Tafseer
{ فقضاهنَّ } الضمير يرجع إلى السماء لأنها في معنى الجمع الآيلة إليه، أي صيَّرها { سبع سماوات في يومين } الخميس والجمعة فرغ منها في آخر ساعة منه، وفيها خلق آدم ولذلك لم يقل هنا سواء، ووافق ما هنا آيات خلق السماوات والأرض في ستة أيام { وأوحى في كل سماءٍ أمرها } الذي أمر به من فيها من الطاعة والعبادة { وزينا السماء الدنيا بمصابيح } بنجوم { وحفظاً } منصوب بفعله المقدَّر، أي حفظناها من استراق الشياطين السمع بالشهب { ذلك تقدير العزيز } في ملكه { العليم } بخلقه .

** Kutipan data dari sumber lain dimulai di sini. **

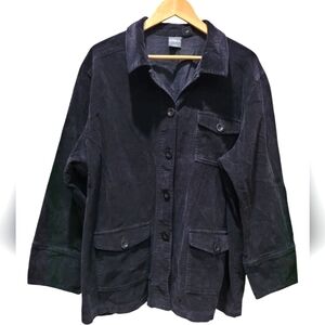 2X ERIKA 100% Cotton Black Blazer Corduroy Button Down 3 Pockets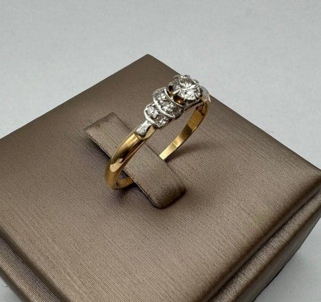 On offer here is an 18ct Yellow Gold & Platinum Diamond Solitaire Ring with Shoulder Diamonds.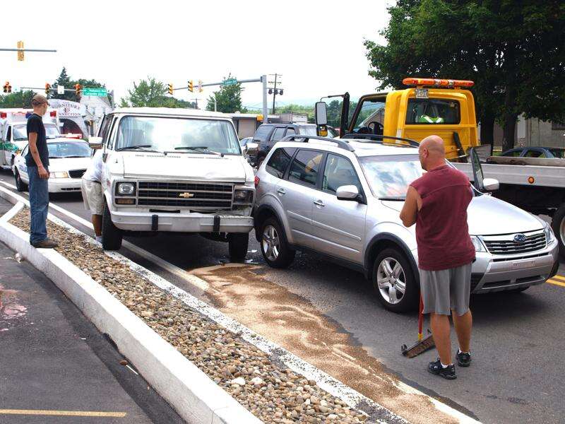Traffic on SR309 in Hometown was affected starting at about 12:30 Sunday afternoon as emergency personnel were called to a two-vehicle accident that occurred next to the Beacon Diner. A white van rear-ended a gray SUV while trying to avoid it and ended up on the newly built street curb built next to the diner. Volunteer firefighters cleaned up the fluids that were coming from the van. Rush Township police, Hometown Fire Company, fire rescue, fire police, and Quakake rescue responded. No one appeared seriously injured.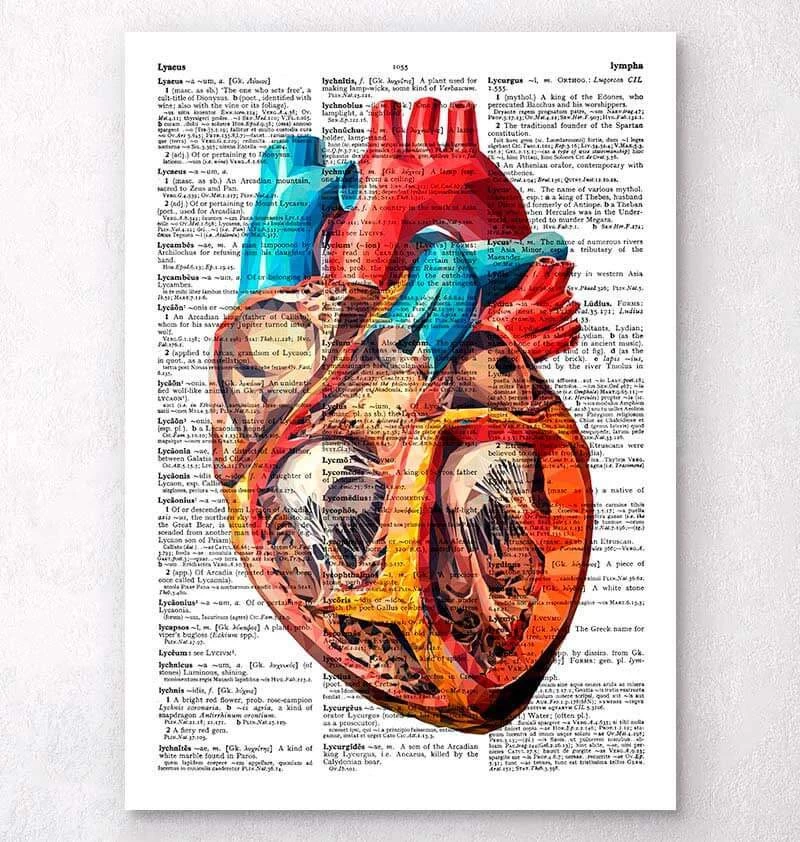 This heart anatomy art print is a wonderful addition to any interior and will make a perfect gift for doctors, nurses and medical students. Also available on plain white and old dictionary page backgrounds.

{Maka Dia menyempurnakannya} Kata ganti tersebut merujuk pada langit karena dalam arti jamak yang merujuk padanya, yaitu Dia menciptakannya {tujuh langit dalam dua hari} Kamis dan Jumat, yang Dia sempurnakan pada jam terakhirnya, dan di dalamnya Adam diciptakan, dan oleh karena itu Dia tidak mengatakan hal yang sama di sini, dan apa yang ada di sini sesuai dengan ayat-ayat penciptaan langit dan bumi dalam enam hari {Dan Dia menurunkan di setiap langit perintahnya} yang Dia perintahkan kepada penghuninya untuk taat dan beribadah {Dan Kami menghiasi langit terendah dengan lampu-lampu} dengan bintang-bintang {dan perlindungan} berada dalam kasus akusatif dengan kata kerja yang tersirat, yaitu Kami melindunginya dari setan-setan yang menguping pendengaran dengan bintang-bintang jatuh {Itulah ketetapan Yang Mahakuasa} di kerajaan-Nya {Yang Maha Mengetahui} ciptaan-Nya.